5- DİJİTALLEŞME İŞSİZLİĞİ ARTIRACAK, ÜCRETLERİ DÜŞÜRECEK: Dijitalleşmedeki artış, ekonomik bozulmayı artıracak. Milyonlarca insan işini kaybederken, milyonlarca kişinin de ücretleri düşecek. Gelir ve servet eşitsizliği artacak. Arz zincirindeki şoklara karşı gelişmiş ekonomiler, üretimi düşük maliyetli bölgelerden yüksek maliyetli kendi ülkelerine çekecek. Ancak bu durum, otomasyonu artıracak ve bu durum ücretler üzerinde aşağı yönlü baskı oluşturacak. Popülizm, milliyetçilik ve yabancı düşmanlığı artacak.
6- KORUMACILIK İÇİN KISITLAMALAR SIKILAŞACAK: Altıncı faktör, küreselleşmenin geri çevrilmesi. Salgın, balkanlaştırma ve parçalama eğilimlerini hızlandıracak. ABD ve Çin, daha hızlı ayrışacak. Birçok ülke korumacılık önlemlerini artıracak. Salgın sonrasında ürünlerin, hizmetlerin, sermayenin, emeğin, teknolojinin, verinin ve bilginin dolaşımı üzerindeki kısıtlamalar sıkılaşacak.
7- POPÜLİZM YÜKSELECEK: Popülist liderler, ekonomik zayıflıktan, kitlesel işsizlikten ve artan eşitsizlikten çoğu örnekte faydalanıyor. Artan ekonomik güvensizlik ortamında, krizin sorumlusu olarak yabancıları gösterme eğilimi güçlenecek. Mavi yakalı işçiler ve orta sınıfın geniş kesimleri, ticaret ve mülteciler konusundaki kısıtlama önerileri başta olmak üzere popülist söyleme daha duyarlı hale gelecek.
8- ABD İLE ÇİN ARASINDAKİ AYRIŞMA ŞİDDETLENECEK: ABD ile Çin arasındaki jeostratejik ayrılık artacak. İki ülke arasında ticaret, teknoloji, yatırım, bilgi ve para politikalarındaki ayrışma şiddetlenecek.
9- SİBER SAVAŞ VE ASKERİ ÇATIŞMALAR OLABİLİR: Diplomatik ayrılıklar, ABD ile rakipleri Çin, Rusya, İran ve Kuzey Kore arasında yeni bir soğuk savaşa neden olacak. ABD başkanlık seçimlerinin yaklaşmasıyla, siber savaş riski artıyor ve bu durum askeri çatışmaya bile dönüşebilir. Teknoloji, geleceğin endüstrilerinin kontrolünde ve salgınlarla mücadelede kilit silah olduğu için, ABD’de özel teknoloji şirketleri giderek ulusal güvenlik sisteminin daha fazla parçası haline gelecek.

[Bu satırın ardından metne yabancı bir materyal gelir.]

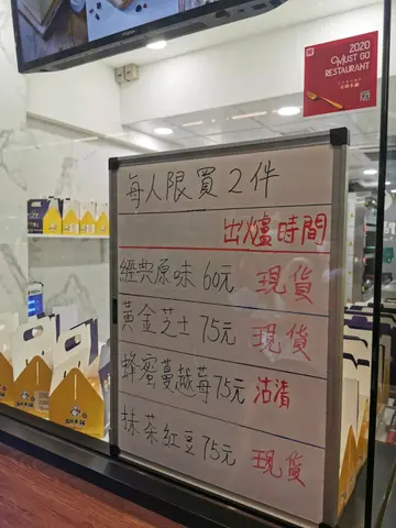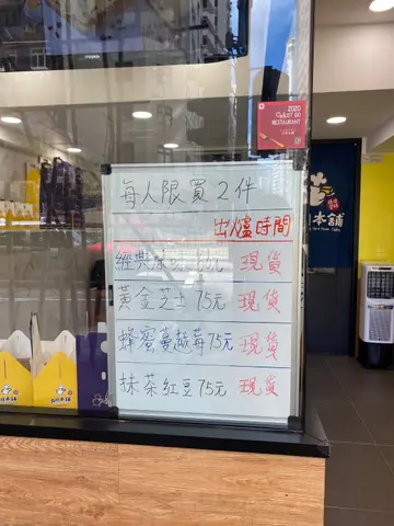 日本古旧让人怀念的拉面🍜台湾就有古旧让人怀念的蛋糕🍰永远都大排长龙的一家店今天居然被在下遇上一个人都没有太神奇了所以在这没经多思考就进店了蛋糕有4款口味黄金芝士 抺茶红豆 蜂蜜蔓越莓 原味这次在下没有选择困难症抺茶制品在下不喜欢蜂蜜的甜在下不喜欢在原味和芝士两者中很显然在下会点芝士 $75虽然不是刚出炉时间也错过了看他们把一大块蛋糕分尸不过这次能这般顺利地买到这蛋糕还满高兴的芝士粒随机分布蛋糕中央也有一层芝士不过对在下而言芝士稍为略小蛋糕软软的但很挺身把蛋糕切开这步骤和效果都比想像中好入口细致幼滑就算放冷了也不会变硬更不影响口味不过好像会微微变甜对了蛋糕有限定每人只能买2件生意太好怕被一个人买光吧这这是个不错的方法不过其实如果一个人吃的话一个蛋糕足矣再喝口水能把在下KO

10- 2030’LARDA BELKİ ÇÖZÜLEBİLİR: Son risk ise, bir finansal krizden çok daha fazla ekonomik tahribat yaratabilecek olan çevresel bozulma. Salgınlar gibi iklim krizi de insanların neden olduğu felaketler. Zayıf sağlık ve hijyen standartları, doğal sistemlere zarar verilmesi, bu felaketlere yol açıyor. Bu 10 risk, küresel ekonomiyi umutsuz bir 10 yıla sürükleyebilecek kusursuz bir fırtınaya neden olabilir. 2030’larda teknoloji ve daha becerikli siyasi liderlikler, bu sorunları belki azaltabilir ya da çözebilir.